__EXERCISE PROMPT__
Make an exact copy of the listing, without images.

__SUPPLIED INFORMATION__

※ ※ ※

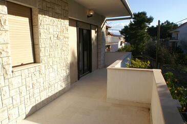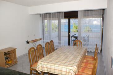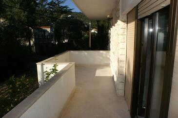 Ferienwohnung bietet Platz für 8 Gäste. Die Betten sind in Schlafzimmern, die es 4 gibt, innerhalb einer Gesamtfläche von 101m2, angeordnet. Die Gäste haben eine eigene Terrasse zur Verfügung, auf der sie in warmen Sommernächten genießen können. Das Apartment bietet Meerblick. Es ist erlaubt, Speisen auf dem Gemeinschafts-Grill vorzubereiten. In der gebuchten Unterkunftseinheit zahlt man am Ort ein Depositum ( der Preis ist an der Internetseite angeführt ).
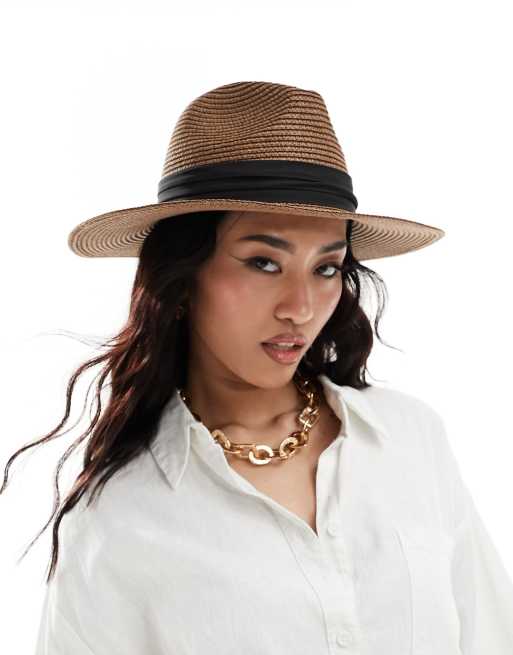 My Accessories - Verstelbare fedorahoed van stro in bruin
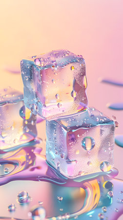 The composition features a collection of ice cubes glistening on a reflective surface. Soft gradients of light create an ethereal background, enhancing the translucent quality of the cubes. Water droplets add a dynamic element to the scene.
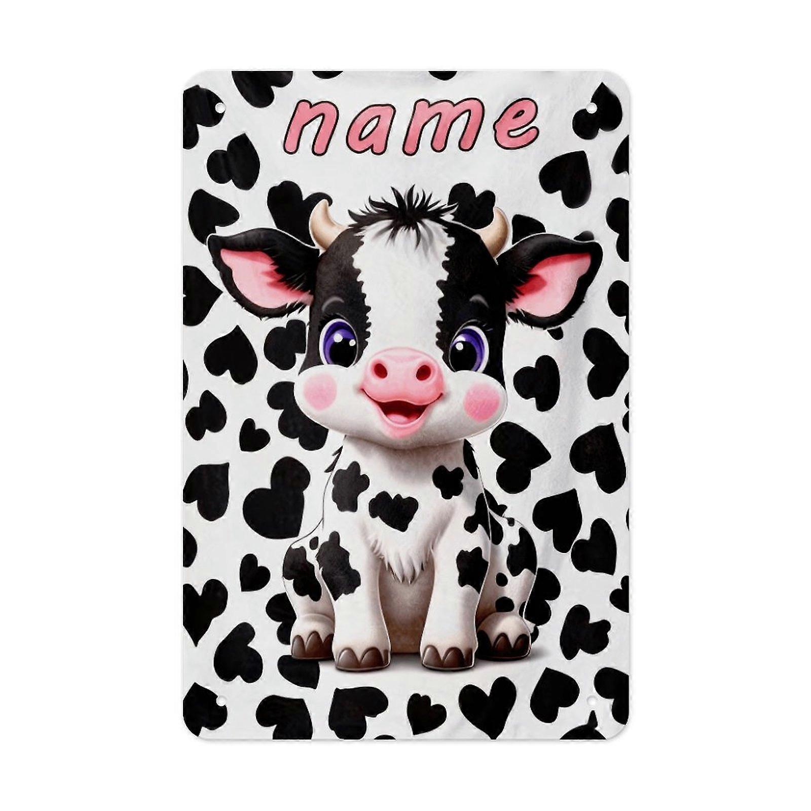 Cute Cartoon Cow Metal Tin Sign with Name – Farm Animal Wall Decor for Kids Room, Nursery, Gift

※ ※ ※

__ANSWER TO THIS PROBLEM__
 Ferienwohnung bietet Platz für 8 Gäste. Die Betten sind in Schlafzimmern, die es 4 gibt, innerhalb einer Gesamtfläche von 101m2, angeordnet. Die Gäste haben eine eigene Terrasse zur Verfügung, auf der sie in warmen Sommernächten genießen können. Das Apartment bietet Meerblick. Es ist erlaubt, Speisen auf dem Gemeinschafts-Grill vorzubereiten. In der gebuchten Unterkunftseinheit zahlt man am Ort ein Depositum ( der Preis ist an der Internetseite angeführt ).
 My Accessories - Verstelbare fedorahoed van stro in bruin
 The composition features a collection of ice cubes glistening on a reflective surface. Soft gradients of light create an ethereal background, enhancing the translucent quality of the cubes. Water droplets add a dynamic element to the scene.
 Cute Cartoon Cow Metal Tin Sign with Name – Farm Animal Wall Decor for Kids Room, Nursery, Gift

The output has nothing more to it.